The heat had been building up all morning and my tiny room in the inn's
attic was stifling; I felt I was breathing in soup. I headed downstairs 
needing air but outside it was almost as still and stale, just a 
flutter of a breeze. 

Standing surveying the greying shroud of the heavens I thought I heard
thunder rumble. But I needed to walk, needed to think. My personal 
problems close to getting out of hand I'd come to this country 
backwater for a break. 

At the crossroads I took the lane towards Thorpeness, my brow already
clammy from the oppressive heat. The trunk road carried most of the 
traffic but unusually not a car passed me by. The only vehicles that 
did being the horse-drawn variety – novelty rides aren't unusual in 
these parts but I remember thinking some convention must be taking 
place. 

I reckoned that getting trodden on by a horse wasn't much less painful
than being clipped by a car and so I took the sensible option, I headed 
off road, into the heath land, following a narrow twisting track which 
wound between purple heather and bracken; the air was thick and still, 
and it seemed to me that the only sound carried on the limp breeze was 
the occasional rustle of coarse grass. 

I'd progressed about a mile towards the coast when I came across the
sheet of paper. It was entwined in bracken and like a blot on a 
landscape that was spotlessly clean. Litterbugs seemed scarce so I felt 
a sense of responsibility in retrieving the waste – only I hadn't 
reckoned on what I'd find – 

“THIS DAY – 1st JULY 1735 

A reward of ONE HUNDRED POUNDS is hereby offered for    information
leading to the capture of smugglers terrorising this district and the 
forfeit of their contraband. Contact the undersigned 

Signed J.Tabbs – for H.M. Customs Preventatives.” 

I frowned, looked across the heath, puzzled at how the reward poster
could have ended up entangled in the bracken – from the museum in 
Aldeburgh perhaps? But who'd drop it here? And it could hardly have 
blown three miles. 

There was something else though – the parchment seemed new, the ink
hardly dry – I prodded it tentatively with my forefinger and it left a 
slight stain. 

Part of the convention perhaps, I recalled the column of chaises that
had galloped past me – some kind of festival that I hadn't heard about? 

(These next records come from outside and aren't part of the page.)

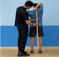
[Fig. 4] Shoulder Mobility(SM)
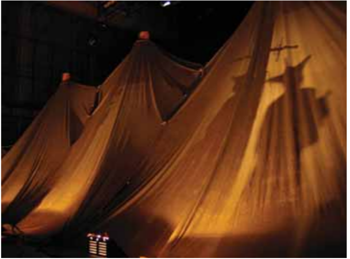
^La Tétralogie de Quat'Sous La Tétralogie de Quat'Sous >
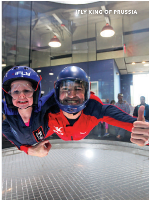
IFLY KING OF PRUSSIA

Wenn Sie nicht bereits ein paar Stunden oder Tage dafür eingeplant haben, ist es jetzt an der Zeit. Und hier ist Ihr Reiseziel: Egal ob mit Zug oder Auto, die Landschaft um Philadelphia hat ein eigenes Flair, das Sie bezaubern wird.
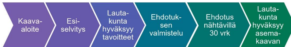
M-kokoisen kaavan prosessi

Osallisia kaavan valmistelussa ovat alueen maanomistajat ja ne, joiden asumiseen, työntekoon ja muihin oloihin kaava saattaa huomattavasti vaikuttaa, sekä viranomaiset ja yhteisöt, joiden toimialaa suunnittelussa käsitellään. Tämän hankkeen osalta osallisiksi on arvioitu seuraavat tahot:
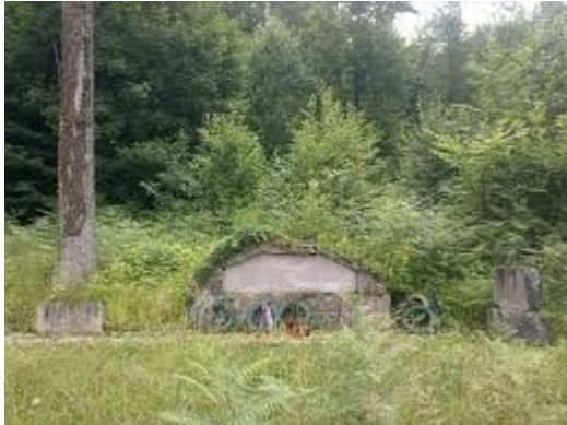
Spomenik na Frati pred obnovo
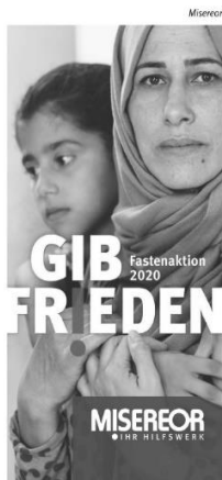
Die MISEREOR-Fastenaktion 2020 hat das Motto: „Gib Frieden“. Im Fokus steht der Krieg in Syrien und die Auswirkungen auf das Nachbarland Libanon.
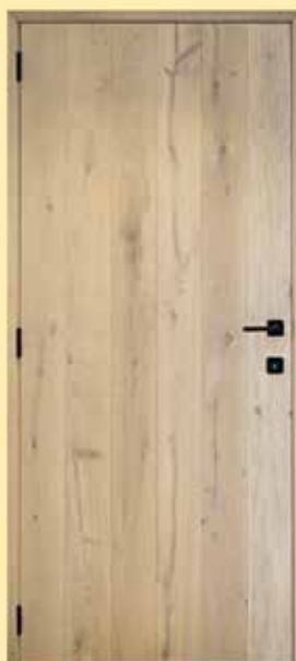
EFR 114 1/2 massief eik met knopen Onregelmatig planchette Natuurlijk uitzicht
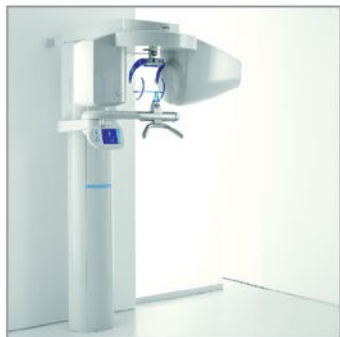
3D рентгенография от 57 000 Евро
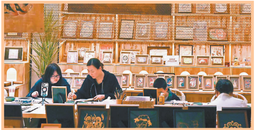
▼4月10日,市民在江西省宜春市万载县康乐街道西门社区山和樾城市书房内阅读。当地打造10分钟阅读生活圈,让城乡居民拥有便利、舒适的阅读空间。
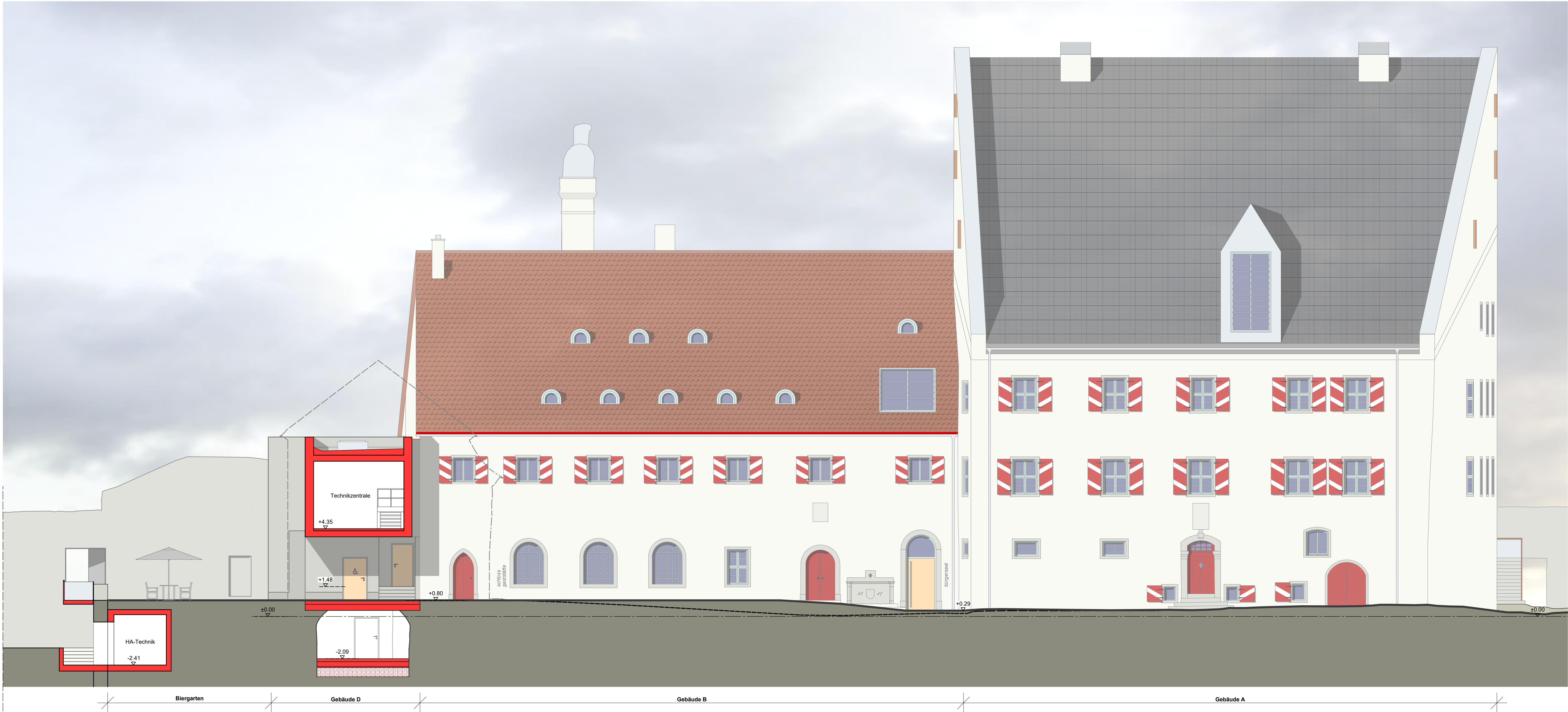
Gebäude A / B - Ansicht West, M 1:100
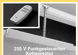
230 V Funkgesteuerten Kettenmotor
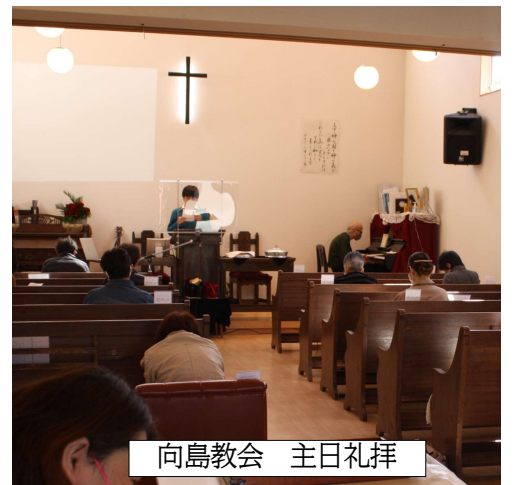
向島教会 主日礼拝
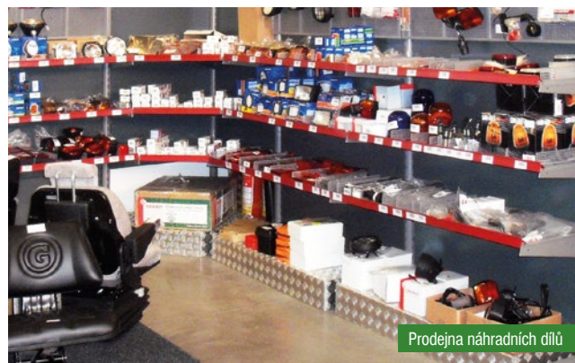
Prodejna náhradních dílů
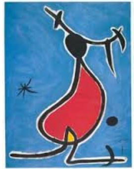
Pájaro, Joan Miró

Primero fue aprendiz y, cuando tuvo experiencia en el manejo de la máquina, se convirtió en operaria. Quizás un exceso de confianza- o porque las cosas cuando tienen que suceder, suceden nomás-un día el mecanismo arrastró su mano derecha. Su hemisferio izquierdo era el dominante, eso la convertía en diestra. Ya no más la máquina. La muy atrevida le asestó varias amputaciones a la vez. Con la mano derecha se fueron la habilidad de ponerse los rúleros, la chance del pulgar hacia arriba en señal de aprobación y otros tantos ademanes, considerados, hasta entonces, equipaje permanente de su vida.
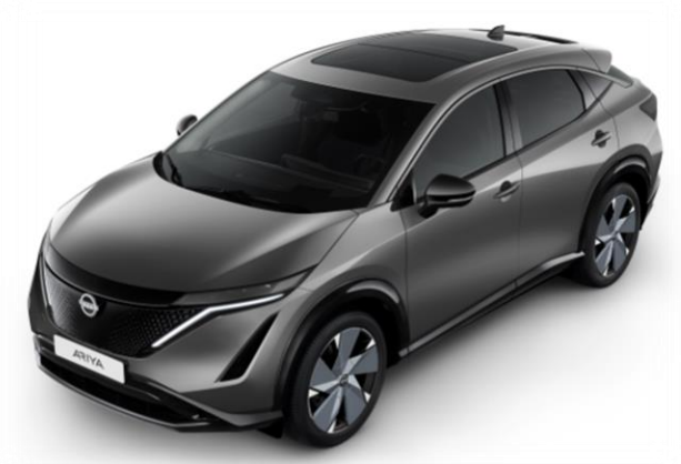
Szary metalizowany [KAD]
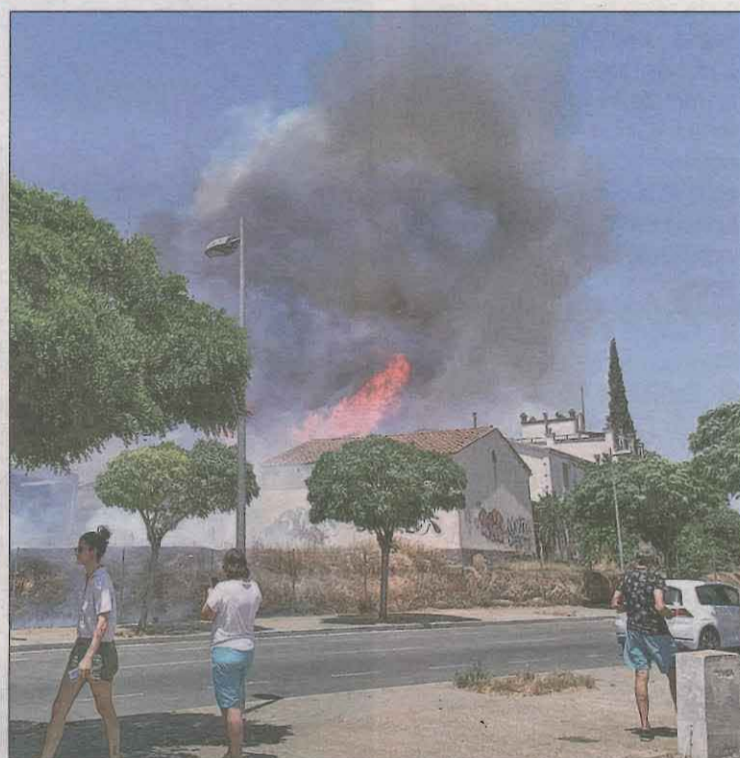
Imagen de la llamas cerca de la iglesia de Montserrat
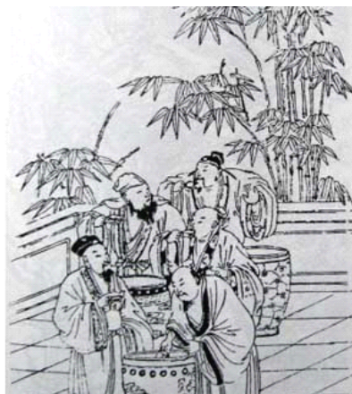
图 2-5 用“三纲五常”的吉祥图画来寓意做人要有德行和规范

吉祥文化与儒家思想有着密切的联系。相传孔子在出生前，就有麒麟前来报信的故事，后来人们用一童子跨在麒麟上的图画来表现“麒麟送子”这一吉祥寓意。儒家提倡的“三纲五常”思想也常用吉祥的图案形式来表现，如吉祥图《三纲五常》中有三口大缸，五个人围在缸边尝酒，“缸”谐音“纲”，“尝”谐音为“常”，寓意做人要有德行、礼仪和规范（图2-5），由于寄予了某种吉祥美好的寓意，它们后来都成为经典的表达吉祥美好心愿的图式；此外，儒家强调“修身”作为治国平天下的入世思想，所以孔子的“岁寒，知松柏之后凋也”的文句，后来就演变为被喻为“岁寒三友”的、以“松竹梅”三种植物作为传递吉祥文化理念的图案表达，它更被中国古代的文人雅士作为高洁情操的礼赞和自我修身的衡量标准，即使在今天，松竹梅也作为
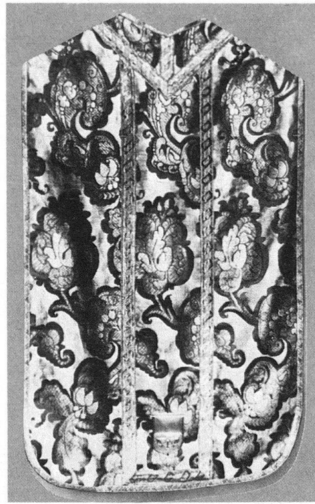
Abb. 4. Kasel des Fugger-Ornates von 1719 in Fischingen, heute Rickenbach TG
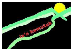
Timor-Leste Institute for Development Monitoring and Analysis
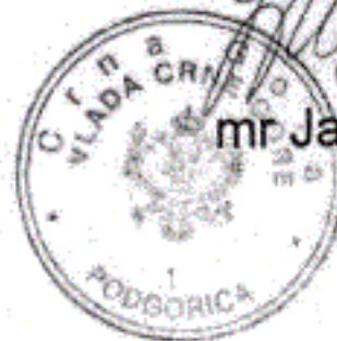
mr Jakov Milatović

PREDSJEDNIK KOMISIJE Ministar ekonomskog razvoja

Yes of course, what else could it be? 

‘One hundred pounds friend – a fair reward I'd say – ah but smuggling is
the scourge of our times, aye – so it is.' 

I spun in shock at the deep voice, I could have sworn there wasn't a
soul in sight but he stood before me, a portly man dressed in boots, 
breeches and a yellow waistcoat. 

‘I'm sorry,' I said, ‘you startled me – I'm afraid I don't follow.' 

‘Parson Prendergast my man,' he looked me up and down as though I were
an oddity, from my clean-shaven chin, checked cotton shirt to my 
stonewash jeans and then swiped the back of his hand across his nose. 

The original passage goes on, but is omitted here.